For judges and judicial staff

  • Use only secure work devices.
  • Obtain HMCTS service manager approval where required.
  • If AI may have been used by parties, ask what checks were performed.
  • Ensure the judge still reads the primary material.

For legal representatives

  • Adopt a source-first workflow.
  • Retrace every legal proposition to an authoritative source.
  • Never paste client-confidential content into public tools.
  • Be prepared to explain verification if asked.

For litigants in person

  • Use AI only to help summarise or organise.
  • Do not rely on AI for legal research or legal analysis.
  • Check every legal point against official sources.
  • Be ready to explain what checks were performed.

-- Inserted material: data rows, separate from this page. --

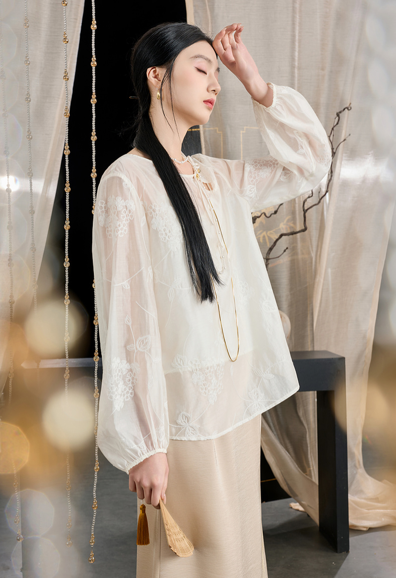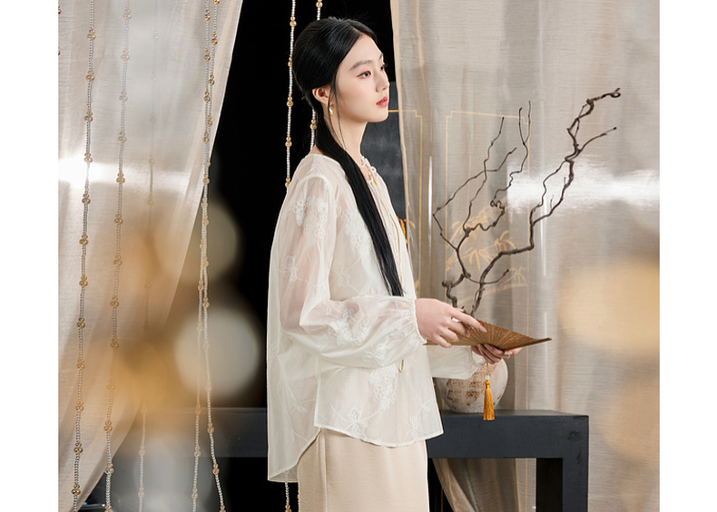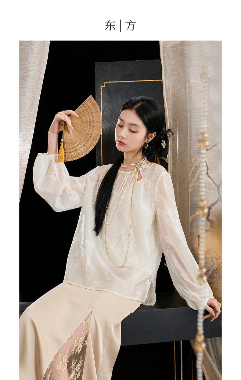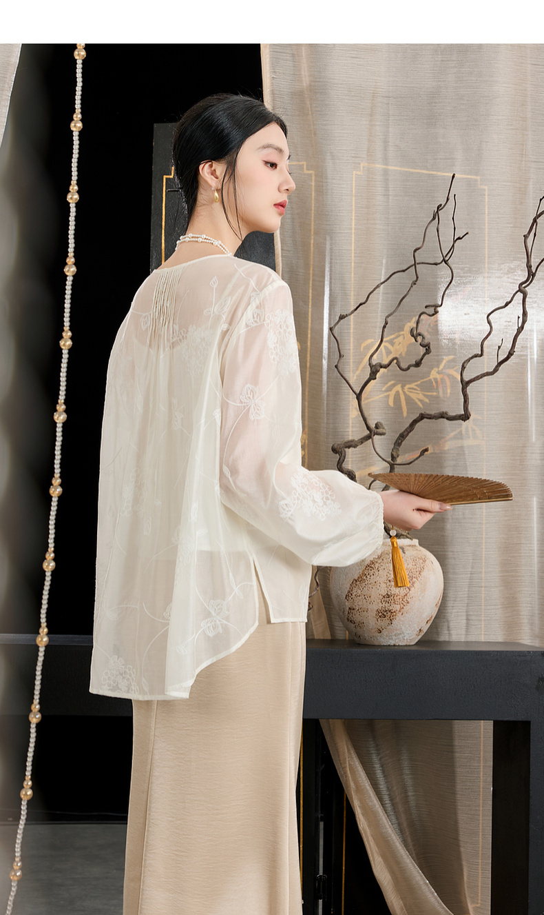 三彩【暗香花影】2025秋季新款绣花小衫圆领盘扣上衣宽松中式C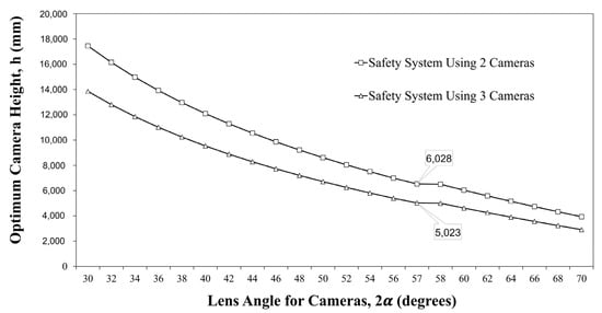 All calculated values of α and h provided for design constraints are given in Figure 13, which shows the heights to be placed according to different camera lens angles graphically. The graph in the figure contains two curves. One is “Camera Height for Safety System for 2 Cameras”, and the other one is “Camera Height for Safety System for 3 Cameras”. In the previous calculations, it is seen that the optimal camera lens angle is 57.874°. Therefore, it was calculated that the required height for the using two cameras system is 6028 mm, and the required height for the using three cameras system is 5023 mm. For cases in which the optimal camera angle is not desired to be used, the camera heights suitable for the lens angle of the existing camera are also shown in graphs. Three cameras were needed when two cameras were not enough (i.e., the camera height is larger than 10 m). In case of the need to use three cameras, the cameras were positioned as circular and equally spaced. If three cameras were used, the total projection area and the previous solution’s constraints would change. The new constraint (htan(2)) should be more than 6000 mm and less than 8000 mm.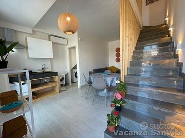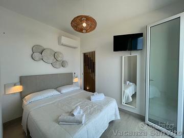 La soluzione Shiarà si trova all'interno di un complesso la cui costruzione è stata ultimata nel mese di Maggio 2022. La casa si sviluppa su due livelli: al piano terra abbiamo la zona giorno composta da soggiorno con angolo cottura ad induzione, divano letto da due posti, bagno con doccia e veranda accessoriata con zona relax, come da foto. Al piano primo invece si ha la zona notte composta da camera da letto matrimoniale e cameretta da due posti letto (stanza cieca, senza aperture verso l'esterno), oltre al secondo bagno con doccia. Terrazza al secondo piano in parte coperta da pergolato, arredata con tavolo e sedie da esterno, oltre ad un salotto relax con vista mare. Tra gli accessori abbiamo wifi, lavatrice, smart tv. Posto auto, soggetto a prenotazione e quindi a disponibilità, con un costo accessorio.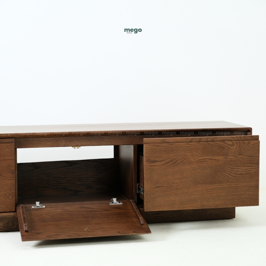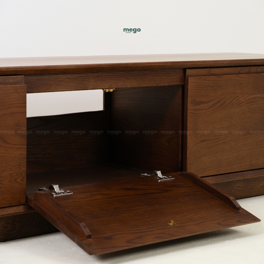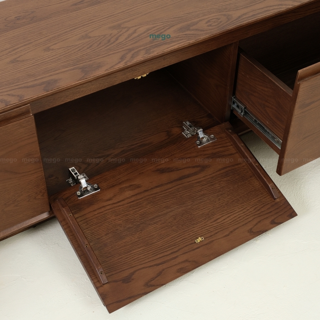 - Khung kệ TV được làm bằng chất liệu gỗ Sồi Mỹ tự nhiên nhập khẩu, sang trọng, chắc chắn và bền bỉ theo thời gian.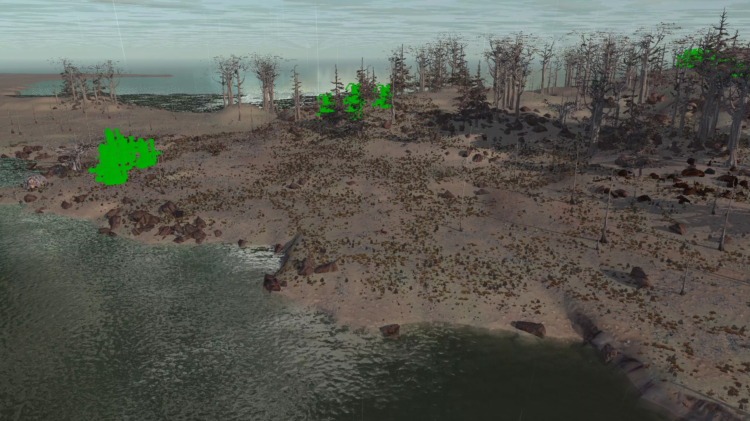 描述:你所有的资源都可以整齐地存放在这个小小的迷你山谷中。然而,你很快就会发现,敌人和任何想进入山谷的人都可以轻易地翻过周围的山丘进入。这些山丘都可以轻松翻越。因此,上面截图中的墙壁代表了我建议的【实际城镇】应处的位置,你可以将资源存放在城墙外部。或者干脆建在其他地方。 资源:100%铁、50%铜、100%石头、80%水源、100%绿地、50%干旱地 危险:食人族袭击、喙嘴兽、如果你惹恼利维坦的话它们也会出现。紧邻食人族平原边界,但可能距离食人族小队有点远,不一定能看到。 特别说明:“资源山谷”后面的山没什么用。别费心了。 2-N) 无海岸,北海岸 无海岸 1)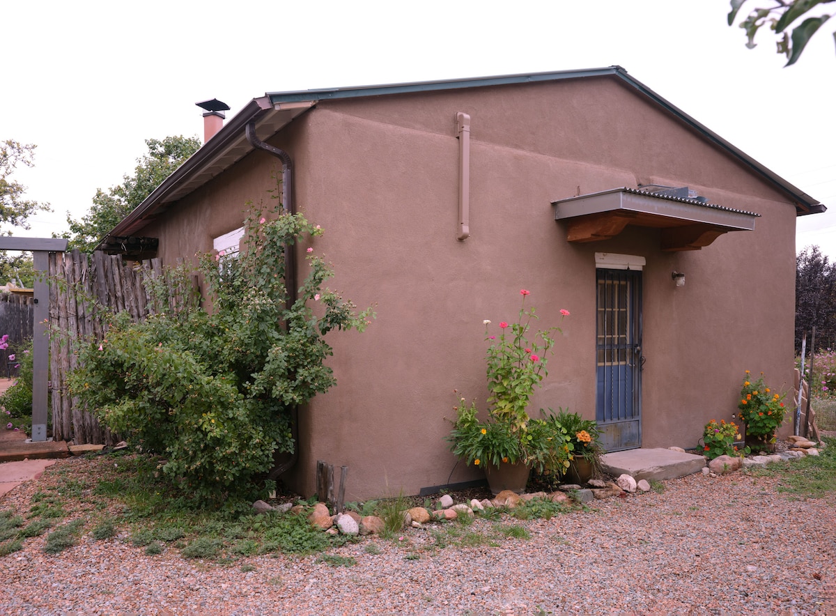 Nestled up in the quiet Sangre de Cristo foothills in the sought after east side of Santa Fe, w breathtaking western views of the Jemez Mountains. 4 miles to the heart of town, 3 miles to Canyon Road, 1 mile to museum Hill. Just off of the historic Old Santa Fe Trail, up 3/10 of a mile up a private, maintained dirt road, in a rural gated community. Enter your cozy adobe, pristine casita. Ideal space for a romantic getaway, or solitary retreat. Across the porch from my Casa.

A minimal court-ready verification protocol

This protocol aligns with the guidance’s accuracy and accountability standards and does not create a new disclosure burden.

Identify the claim

State the legal proposition precisely, for example: “X is the test for strike-out.”

Find the source

Use primary legislation or a named judgment from an authoritative database.

Match the wording

Check whether the source actually says what the draft says it says.

Check jurisdiction and currency

Confirm that the authority is current and applicable to the relevant jurisdiction.

Record the citation

Record the neutral citation and pinpoint reference. If any step fails, do not submit the point.

What to implement this week

Written AI policy

  • Define permitted uses such as administration and summarisation.
  • Define prohibited uses such as unverified research and analysis.
  • Include breach and data incident reporting routes.

Citation gate

  • No filing unless every legal point has a verified primary source.
  • Retain an audit trail of verification.
  • Check citations before advice or filing.

Red-flag training

  • Train teams to spot US citations and terminology.
  • Watch for polished but wrong analysis.
  • Check for hidden text artefacts.

Device controls

  • Block unnecessary app permissions.
  • Default to history-off where possible.
  • Isolate public AI tools from client data.

The line the guidance draws

The judiciary’s position is pragmatic: AI may speed up administrative work, but it must never dilute human responsibility or the integrity of proceedings.

There is no general duty to disclose that AI was used. But there is an absolute duty to ensure that what reaches the court is accurate, appropriate and secure.

If in doubt: read the source, cite the source, and stand behind it.

Primary documents

  • Courts and Tribunals Judiciary, Artificial Intelligence (AI) – Judicial Guidance, October 2025.
  • Divisional Court discussion of AI misuse: R (Ayinde) v London Borough of Haringey; Al-Haroun v QNB.

Legal disclaimer

This article is for informational purposes only and does not constitute legal advice. All references to legal authorities are provided for context. Users should verify all citations and consult the official text or a qualified legal professional before relying on any authority.